I am not good at remembering quotes but somewhere I read that Picasso said that he had learnt to draw like Raphael by the time he was thirteen and spent the rest of his life unlearning it. Do you think if Picasso had continued to paint realistically we would have heard of him today? Personally I love a lot of what he did although I dislike quite a bit too, particularly his ceramics. His output was enormous, I think he created something nearly every day, his influence huge and indisputable, and like a lot of really famous artists you have to look beyond the headlining pieces. All in all I think the good stuff excuses the rubbish by a mile, Guernica and Les Demoiselles d'Avignon are just two of my personal favourites.

By the way, if you havent seen it yet and have a couple of hours to spare go visit the Ghosts of Incompetence Past thread on Open Critics. Absolutely hilarious and it has had over 13K views since it was started on 2nd Jan. I reckon Picasso could have found a few to post if he were still around, instead they sell for millions! There maybe a lesson there. In that same spirit I am showing you something from my own cubist period, no need to be polite I was just playing, but to save you asking its a shell. I think I made the right move joining you guys here in the figure forum!

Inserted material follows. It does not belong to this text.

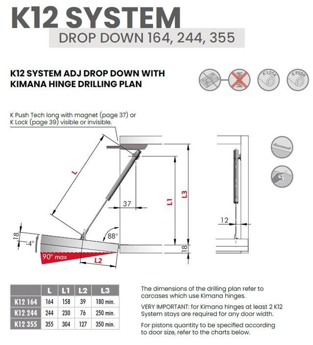 Plynokapalinová spodní klopna K12 v barvě "grafit" včetně příslušenství. Minimalistický design, průměr pístu pouze 12mm. Doporučujeme v kombinaci s bezpružinovými závěsy KIMANA. V kombinaci se systémem K-PUSH možno použít také pro bezúchytkové otevírání.

What am I doing now? Nothing, I have hit a major creative block. Currently I have about four half finished paintings on the go but cant seem to finish anything. I may start life drawing again this week although I am tired of paying for courses that I havent been able to complete. Alternatively I may take a leaf out of Wanda's book and do some drawing excercises, I am very impressed with her progress. I have some Bridgeman books that might do, or I may do some bones and muscles etc out of Sarah Simblets book Anatomy for the Artist. Sometimes its good to just copy and not worry about the creative imput. Anyway, I really enjoy looking at what everyone else is doing whilst I wait for my oomph to return.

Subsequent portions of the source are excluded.